Last night my husband and I started watching Season 2 of Atypical. We watched a few episodes and experienced the same rollercoaster of emotions as we did when watching the first season – no surprise there. When we turned off the T.V. and tried to sleep, we both lay there in silence, unable to shut off our heads. My husband is a man of few words, and it is often a mystery what goes on in his head, but this morning when he got to work, he sent me a text message with some insight. “What am I going to do when I can no longer throw Giancarlo in the air and spin him the way he loves? What if people are mean to him at school and he doesn’t know how to defend himself? It broke my heart when he told his sister that he wants to take care of her sometimes… we forget Giancarlo is older than Rosalia, don’t we?” The little hamster in his head had been pretty busy, it seems. These are the questions that led my anxiety to spin out of control a while back. Until recently, I was the worry-er and he was the eternal optimist, reassuring me that everything would be okay. Of course, Giancarlo will be able to work when he is older. No, you won’t have to wipe his bum till he is in his 20s. No, why would he get bullied? Denial.
One of the hardest things about going through the different phases of acceptance regarding Giancarlo’s autism is the fact that we went through them at very, very different paces, and it nearly tore us apart as a couple. When I was desperate to learn everything there was to know about possible and impossible treatments, I stayed up reading studies all night, went to conferences, tracked down professors and doctors abroad, managed different therapies and a multi-disciplinary team, both in the public and private sectors, I did it alone. I worried alone. I broke down crying in the shower, my office, in the car – alone. I have been so consumed by the tsunami of thoughts and worries that I have been unable to catch my breath. When I was spiraling out of control, gasping for air between two of Giancarlo’s violent meltdowns, my husband didn’t see me. He didn’t see my mind race ahead 5 or 10 years when I will no longer have the physical strength to overcome my son lashing out at me and then crawling into my arms so I rock his over-sized body back and forth, back and forth, back and forth as I weep.

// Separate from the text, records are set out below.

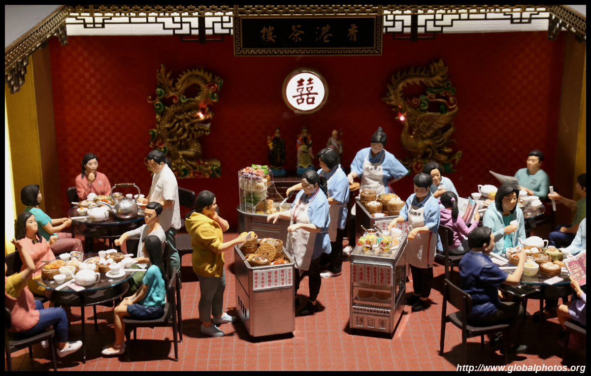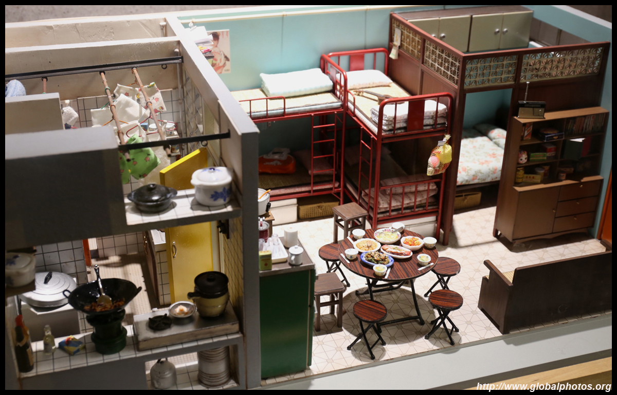 The next zones depict life in a typical small apartment in the 1980s and the local food culture such as eating dim sum or a local cha chaan teng restaurant.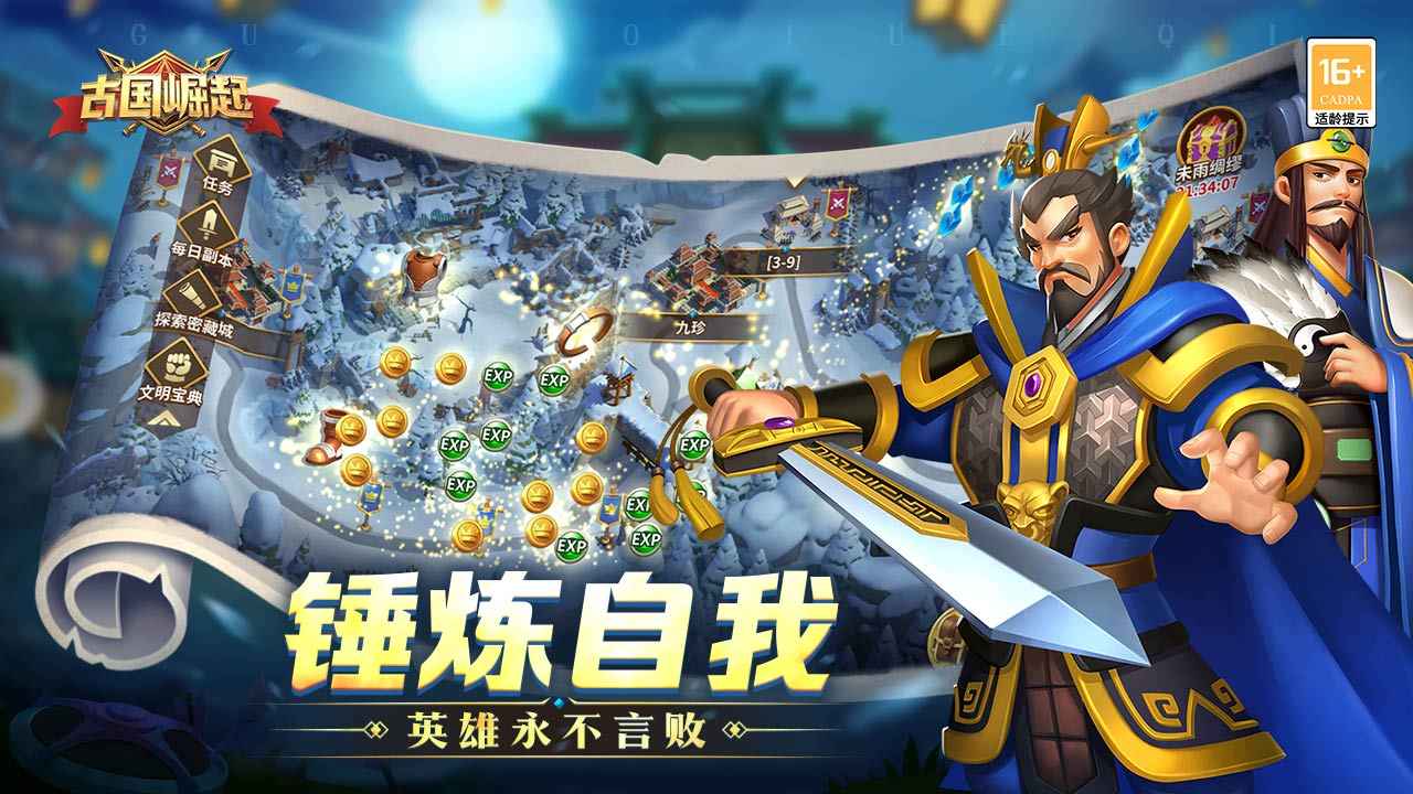 古国崛起是一款以古国文明崛起为题材的策略战争类型的游戏,在游戏中将玩家带回到古代的文明时代,扮演一位领袖,玩家可以通过征战和任务获得各种战斗装备和技能,招募英雄并组建强大的军队,通过经营和战争,逐步扩大自己的领土和势力范围,最终成为一国之主的传奇光辉历史。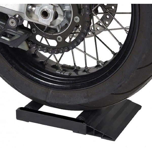 Le support rotatif de roue arrière – qui peut également servir pour la roue avant – a pour rôle majeur de vous assister lorsque vous procédez à l’entretien de la chaîne. Ce support en aluminium pèse environ 2 kilogrammes et permet de faire tourner la roue arrière sans devoir courir tout autour de la moto ou faire appel à la béquille centrale. Pour atteindre facilement chaque maillon de la chaîne.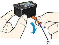 (1) 從包裝中取出新墨盒(FINE Cartridge )並輕輕撕下橙色保護膠帶 (C)。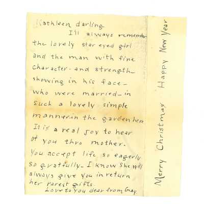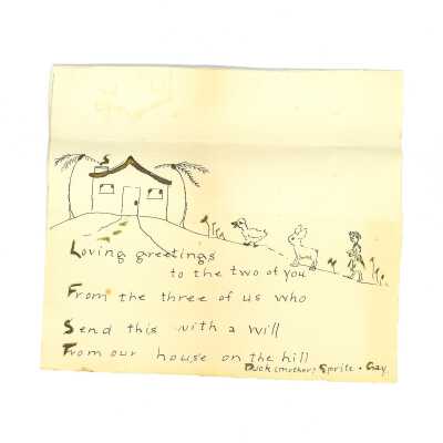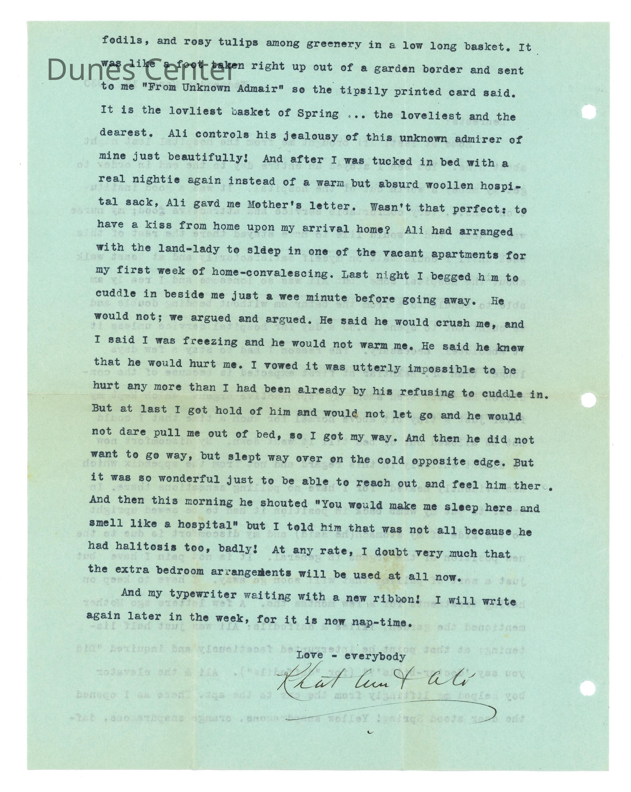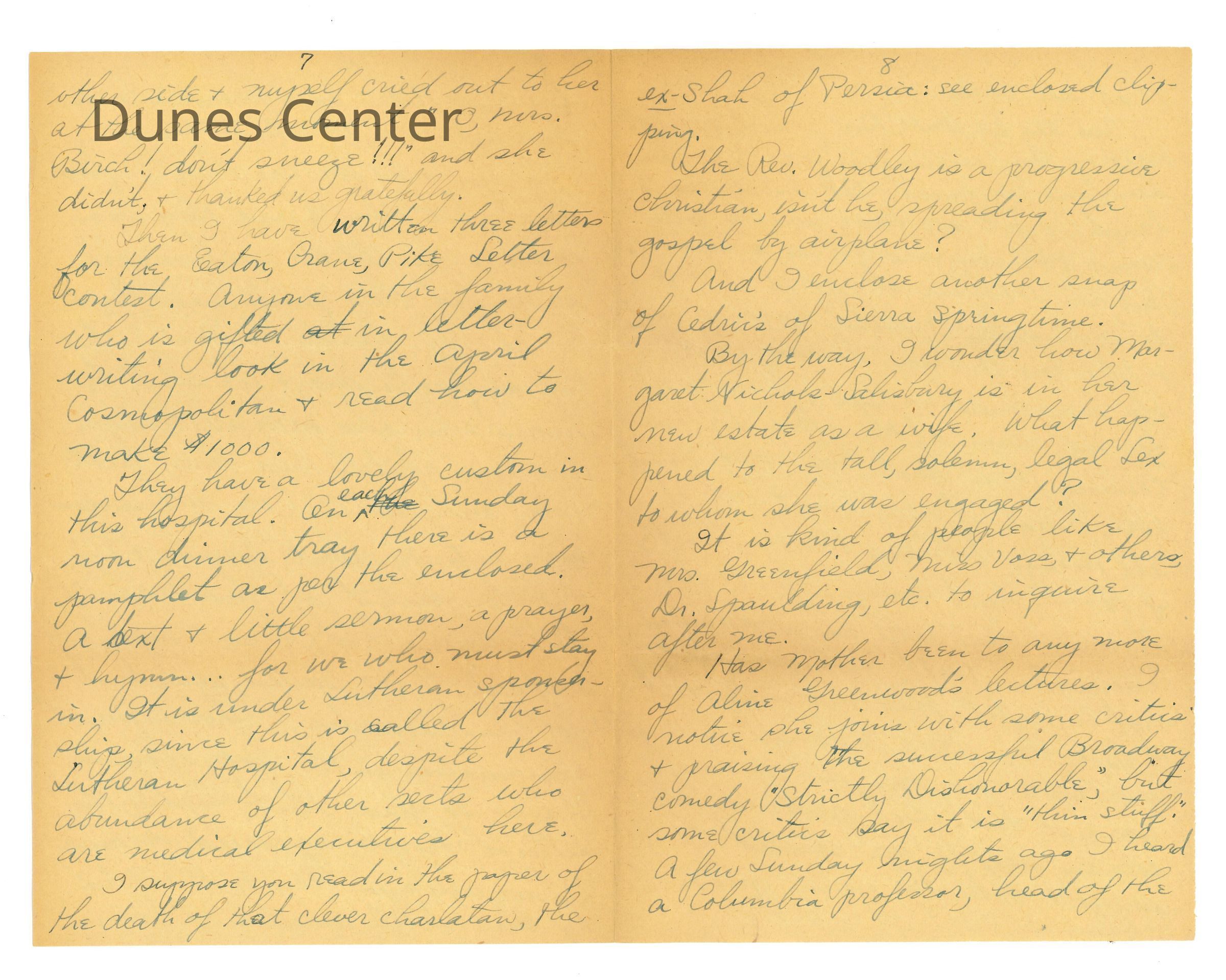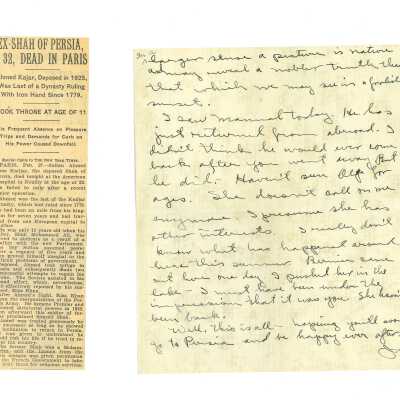 March 16, 1930, New York City, Letter from Kathleen Ali to W.R. Goddard & Family, describing Kathleen's hospital stay and visitors; March 19, 1930, typewritter typed letter from Kathleen Ali to W.R. Goddard & Family, Kathleen leaving the hospital and recovering at home, photo of tree included, envelope included; Christmas Greeting from Mrs. Goddard to Kathleen with drawing and poem; Undated Letter to Ali from unknown writer with newspaper article about the death of the shah in Persia; Letter to Kathleen Ali from Loyala Lee Sanford, authors' agent in New York, letter about stories Kathleen submitted for publishing,Entry/Object ID

But last night he got a glimpse of that because of that show on Netflix, and I imagine that other viewers will, too. They will see how a family like ours can be torn apart because we all deal with the challenges of Autism in very different ways. They will see how hard it is for someone on the spectrum to wrap their heads around the simplest things we take for granted. They will see how the siblings struggle with, embrace, and reject their role.
I am both excited and apprehensive to finish watching the second season. Partly because I don’t want it to end, partly because I know I’ll ugly cry, but mainly because although I relate to it on so many levels, it brings up raw, intense emotions. And it gets my husband to express himself better than any therapist I’ve been able to find, so I’ll take it!